Both Delana and Bainimarama travelled to Rio to witness the achievements of the Sevens teams, and to ensure Fijifirst could share in the victory. Fiji’s proud Olympic tradition is a story of overcoming a lack of resources and opportunities, to challenge, and now defeat, the world’s best. Like Jamaica (and many others) alongside them, Fiji’s athletes demonstrate through sporting prowess that small islands can mould and shape global narratives. But Delana’s rise through the ranks of the controversial Fijifirst party indicates that as sport can influence politics, so too politicians can recruit athletes in the quest for power. The presence of the cabinet officials in Deodoro that night, as well as Delana’s very rise to office, highlight that the prominence Fiji’s athletes have achieved is not lost on its politicians, who hope to command the achievements of their sports stars to cement their nation-building projects, alongside their own position in office.

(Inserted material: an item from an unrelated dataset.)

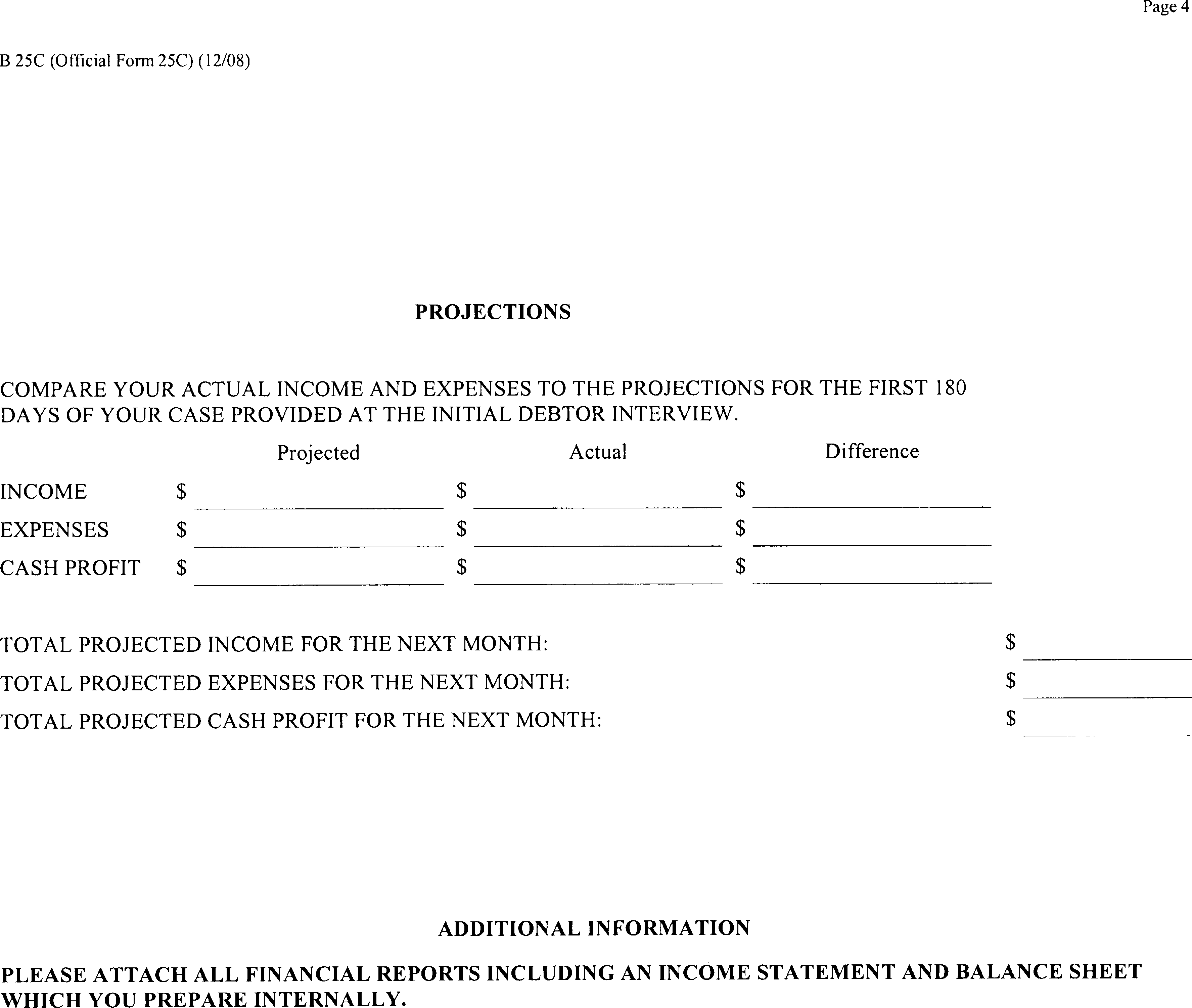The Chapter 11 form is the simplest of the three, since the means-test deductions of §707(b)(2) are not employed in determining the extent of an individual Chapter 11 debtor's disposable income. Section 1129(a)(15) requires payments of disposable income “as defined in section 1325(b)(2),” and that paragraph allows calculation of disposable income under judicially-determined standards, rather than pursuant to the means test deductions, specified for higher income Chapter 13 debtors by §1325(b)(3). However, §1325(b)(2) does require that CMI be used as the starting point in the judicial determination of disposable income, and so the Chapter 11 form requires this calculation (in Part I of the form), as described above, together with a verification (in Part II).

In the cauldron of the Olympic Games, sport and power inevitably entwine.

***UPDATE*** Yesterday Frank Bainimarama announced that, following the victory of the men’s sevens team, he was to abandon his plans to alter the Fijian flag. This effort, announced in February last year, had proved deeply unpopular among many Fijians, and according to Opposition leader Mick Beddoes, protests against Bainimarama’s designs had been organised by young Fijians. Bainimarama’s plan, ostensibly to form a break from Fiji’s colonial past by removing the union flag from its own banner, has been criticised as a  hollow distraction from Fiji’s problems, and a nation-building project that aims to undermine the power of Fiji’s indigenous communities. The blue of the flag, the shield and peace are nods to the Supreme Chief Ratu Cakobau, who flew this banner in 1870 before the British arrived. Fans adorning sky blue, wrapped in flags, were commonplace in the Deodoro as the Fijian teams took to the field, and in the celebrations of the gold medallists and their fans both in Rio and in Suva, the flag took centre stage. The eternal relationship between sport and power is not one-way traffic: as politics can influence sport, so too sport can temper and mould the actions of agents of power.